Scribble-Supervised Medical Image Segmentation with Dynamic Teacher Switching and Hierarchical Consistency
This work addresses the annotation burden in medical image segmentation for healthcare applications, representing an incremental improvement over existing scribble-supervised methods.
The paper tackles the problem of noisy pseudo-label propagation in scribble-supervised medical image segmentation by proposing SDT-Net, a dual-teacher, single-student framework with dynamic teacher switching and hierarchical consistency, achieving state-of-the-art performance on ACDC and MSCMRseg datasets.
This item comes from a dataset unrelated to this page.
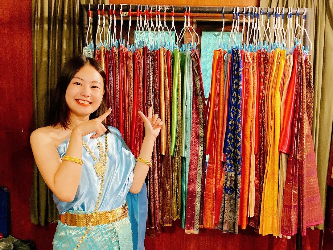 さまざまな色の衣装が取り揃えられているので、自分の好きな配色のものを選びましょう。選んだらスタッフの方が着付けを行ってくれます。靴は借りることができないので、こだわりたい方はタイ衣装に似合う靴を持っていくのをおすすめします。

Scribble-supervised methods have emerged to mitigate the prohibitive annotation burden in medical image segmentation. However, the inherent sparsity of these annotations introduces significant ambiguity, which results in noisy pseudo-label propagation and hinders the learning of robust anatomical boundaries. To address this challenge, we propose SDT-Net, a novel dual-teacher, single-student framework designed to maximize supervision quality from these weak signals. Our method features a Dynamic Teacher Switching (DTS) module to adaptively select the most reliable teacher. This selected teacher then guides the student via two synergistic mechanisms: high-confidence pseudo-labels, refined by a Pick Reliable Pixels (PRP) mechanism, and multi-level feature alignment, enforced by a Hierarchical Consistency (HiCo) module. Extensive experiments on the ACDC and MSCMRseg datasets demonstrate that SDT-Net achieves state-of-the-art performance, producing more accurate and anatomically plausible segmentation.